Could you write out, exactly as they stand, only the lines in the listing below from the line with "Semasa majlis menandatangani" to the line with "small holes. |", both ends included, without the pictures?

■ Data provided ■
┌──

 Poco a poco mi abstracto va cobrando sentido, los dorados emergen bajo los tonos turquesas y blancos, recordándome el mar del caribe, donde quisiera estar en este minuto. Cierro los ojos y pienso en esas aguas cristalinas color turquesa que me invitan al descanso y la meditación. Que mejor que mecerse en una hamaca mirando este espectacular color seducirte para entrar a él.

└──
┌──

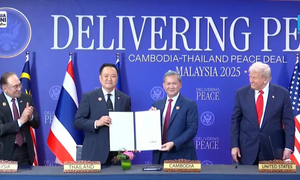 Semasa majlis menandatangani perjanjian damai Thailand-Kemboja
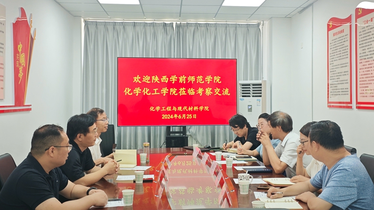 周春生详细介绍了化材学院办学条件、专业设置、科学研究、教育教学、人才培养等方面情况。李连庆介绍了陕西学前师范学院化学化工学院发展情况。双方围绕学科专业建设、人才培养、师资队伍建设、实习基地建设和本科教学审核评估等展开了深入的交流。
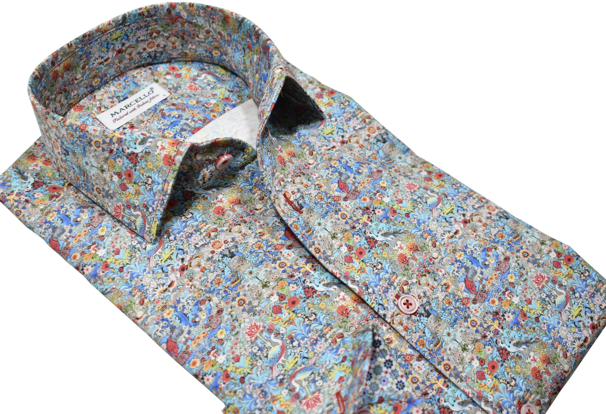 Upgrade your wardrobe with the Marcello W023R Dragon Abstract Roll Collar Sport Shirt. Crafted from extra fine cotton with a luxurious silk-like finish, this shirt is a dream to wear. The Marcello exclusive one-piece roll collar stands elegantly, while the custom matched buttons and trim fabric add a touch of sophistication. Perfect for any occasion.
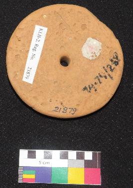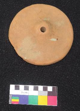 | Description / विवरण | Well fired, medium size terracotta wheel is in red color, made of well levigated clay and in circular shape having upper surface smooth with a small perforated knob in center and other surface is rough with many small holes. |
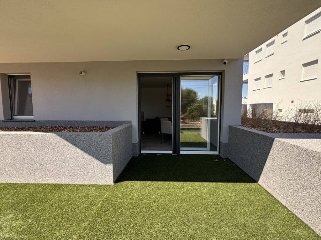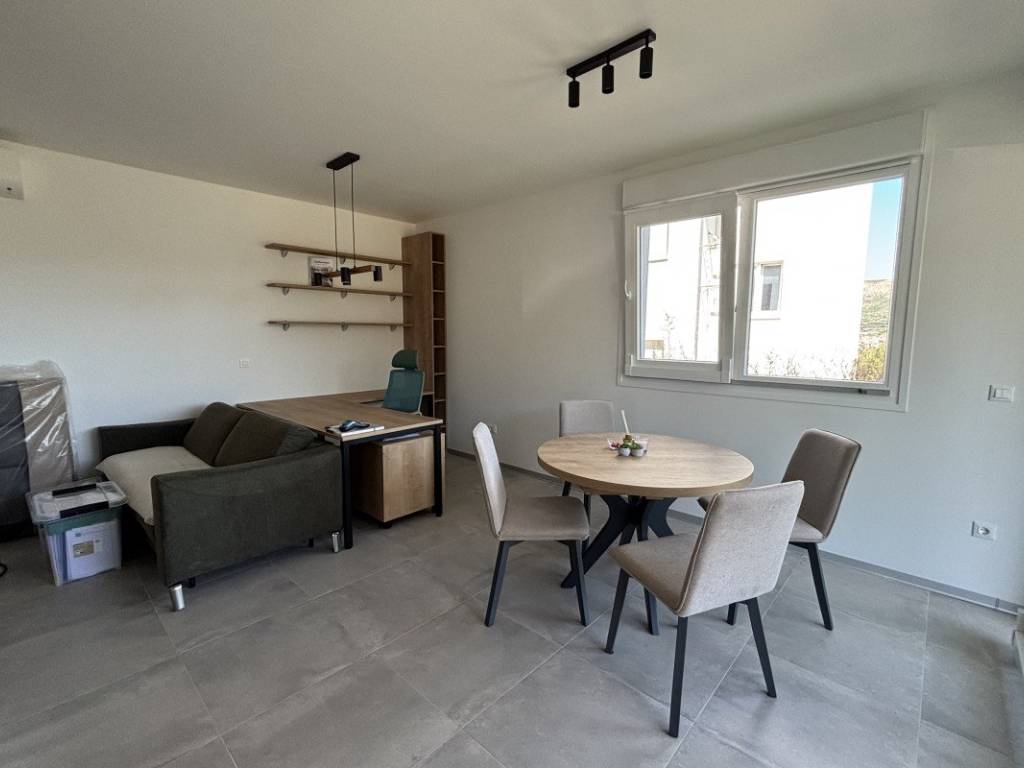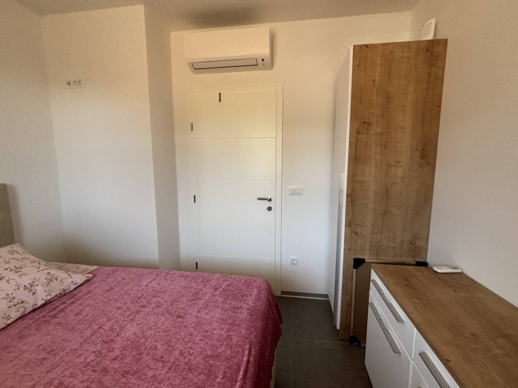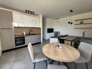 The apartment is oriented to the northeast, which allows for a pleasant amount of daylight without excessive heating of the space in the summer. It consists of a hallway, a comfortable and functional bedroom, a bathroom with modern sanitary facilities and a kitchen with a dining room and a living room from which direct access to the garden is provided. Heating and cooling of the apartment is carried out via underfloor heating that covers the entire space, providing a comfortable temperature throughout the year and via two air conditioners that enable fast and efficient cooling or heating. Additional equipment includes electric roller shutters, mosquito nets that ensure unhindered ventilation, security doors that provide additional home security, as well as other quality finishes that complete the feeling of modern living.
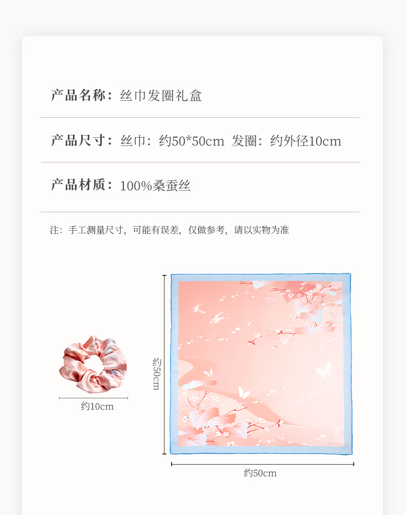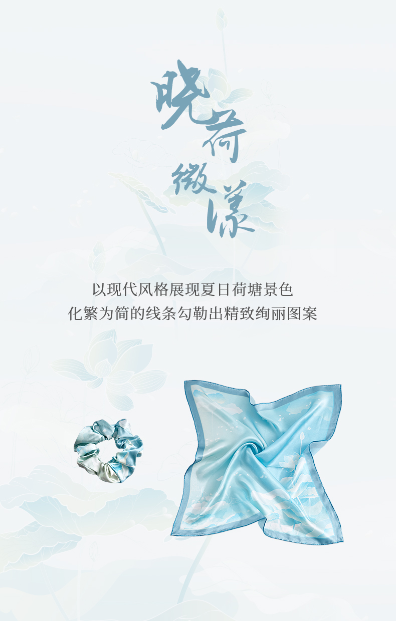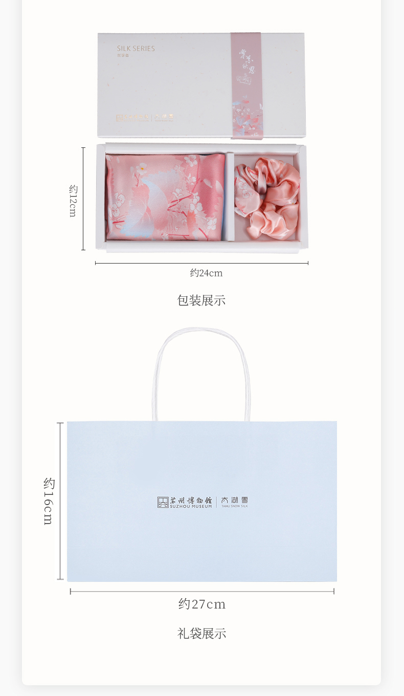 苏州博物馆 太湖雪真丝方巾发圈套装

└──

■ Answer space ■
 Semasa majlis menandatangani perjanjian damai Thailand-Kemboja
 周春生详细介绍了化材学院办学条件、专业设置、科学研究、教育教学、人才培养等方面情况。李连庆介绍了陕西学前师范学院化学化工学院发展情况。双方围绕学科专业建设、人才培养、师资队伍建设、实习基地建设和本科教学审核评估等展开了深入的交流。
 Upgrade your wardrobe with the Marcello W023R Dragon Abstract Roll Collar Sport Shirt. Crafted from extra fine cotton with a luxurious silk-like finish, this shirt is a dream to wear. The Marcello exclusive one-piece roll collar stands elegantly, while the custom matched buttons and trim fabric add a touch of sophistication. Perfect for any occasion.
 | Description / विवरण | Well fired, medium size terracotta wheel is in red color, made of well levigated clay and in circular shape having upper surface smooth with a small perforated knob in center and other surface is rough with many small holes. |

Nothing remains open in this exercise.